Retype the listing exactly, with no images.

▶ _THE DATA_
*** Begin section ***
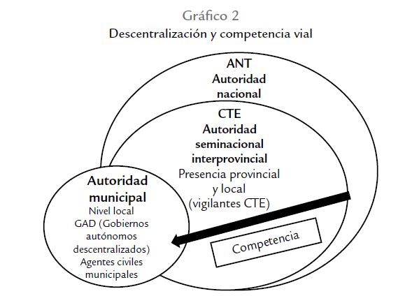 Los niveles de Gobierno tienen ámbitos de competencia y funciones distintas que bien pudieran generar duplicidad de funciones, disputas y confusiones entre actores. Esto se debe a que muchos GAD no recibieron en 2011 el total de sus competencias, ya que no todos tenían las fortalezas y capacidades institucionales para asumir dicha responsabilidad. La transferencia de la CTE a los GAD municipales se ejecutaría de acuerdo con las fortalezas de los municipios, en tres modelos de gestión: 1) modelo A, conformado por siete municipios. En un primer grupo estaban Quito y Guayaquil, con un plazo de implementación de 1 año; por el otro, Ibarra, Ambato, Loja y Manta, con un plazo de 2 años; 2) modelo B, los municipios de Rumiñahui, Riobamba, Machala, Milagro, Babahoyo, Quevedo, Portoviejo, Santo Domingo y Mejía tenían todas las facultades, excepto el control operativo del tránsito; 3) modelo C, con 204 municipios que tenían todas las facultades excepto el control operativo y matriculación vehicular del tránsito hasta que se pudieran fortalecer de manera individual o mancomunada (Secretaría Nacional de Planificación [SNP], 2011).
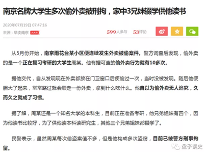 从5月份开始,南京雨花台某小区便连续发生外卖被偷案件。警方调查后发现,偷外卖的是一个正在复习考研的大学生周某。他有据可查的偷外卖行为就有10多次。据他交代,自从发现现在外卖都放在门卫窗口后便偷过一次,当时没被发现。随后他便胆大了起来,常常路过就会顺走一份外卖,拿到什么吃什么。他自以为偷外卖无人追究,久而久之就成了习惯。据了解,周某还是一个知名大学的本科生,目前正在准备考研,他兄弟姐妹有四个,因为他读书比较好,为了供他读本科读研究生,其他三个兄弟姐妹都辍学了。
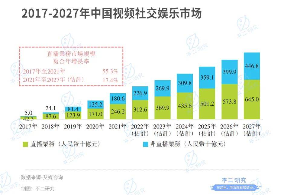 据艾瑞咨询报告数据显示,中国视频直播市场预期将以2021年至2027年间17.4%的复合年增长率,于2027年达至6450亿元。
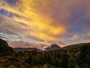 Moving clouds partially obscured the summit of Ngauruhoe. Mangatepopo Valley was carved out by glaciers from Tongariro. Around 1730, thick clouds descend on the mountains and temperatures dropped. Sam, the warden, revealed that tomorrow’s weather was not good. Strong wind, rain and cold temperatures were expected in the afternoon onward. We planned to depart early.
*** End section ***
▶ _OUTPUT FOR THIS EXERCISE_
 Los niveles de Gobierno tienen ámbitos de competencia y funciones distintas que bien pudieran generar duplicidad de funciones, disputas y confusiones entre actores. Esto se debe a que muchos GAD no recibieron en 2011 el total de sus competencias, ya que no todos tenían las fortalezas y capacidades institucionales para asumir dicha responsabilidad. La transferencia de la CTE a los GAD municipales se ejecutaría de acuerdo con las fortalezas de los municipios, en tres modelos de gestión: 1) modelo A, conformado por siete municipios. En un primer grupo estaban Quito y Guayaquil, con un plazo de implementación de 1 año; por el otro, Ibarra, Ambato, Loja y Manta, con un plazo de 2 años; 2) modelo B, los municipios de Rumiñahui, Riobamba, Machala, Milagro, Babahoyo, Quevedo, Portoviejo, Santo Domingo y Mejía tenían todas las facultades, excepto el control operativo del tránsito; 3) modelo C, con 204 municipios que tenían todas las facultades excepto el control operativo y matriculación vehicular del tránsito hasta que se pudieran fortalecer de manera individual o mancomunada (Secretaría Nacional de Planificación [SNP], 2011).
 从5月份开始,南京雨花台某小区便连续发生外卖被偷案件。警方调查后发现,偷外卖的是一个正在复习考研的大学生周某。他有据可查的偷外卖行为就有10多次。据他交代,自从发现现在外卖都放在门卫窗口后便偷过一次,当时没被发现。随后他便胆大了起来,常常路过就会顺走一份外卖,拿到什么吃什么。他自以为偷外卖无人追究,久而久之就成了习惯。据了解,周某还是一个知名大学的本科生,目前正在准备考研,他兄弟姐妹有四个,因为他读书比较好,为了供他读本科读研究生,其他三个兄弟姐妹都辍学了。
 据艾瑞咨询报告数据显示,中国视频直播市场预期将以2021年至2027年间17.4%的复合年增长率,于2027年达至6450亿元。
 Moving clouds partially obscured the summit of Ngauruhoe. Mangatepopo Valley was carved out by glaciers from Tongariro. Around 1730, thick clouds descend on the mountains and temperatures dropped. Sam, the warden, revealed that tomorrow’s weather was not good. Strong wind, rain and cold temperatures were expected in the afternoon onward. We planned to depart early.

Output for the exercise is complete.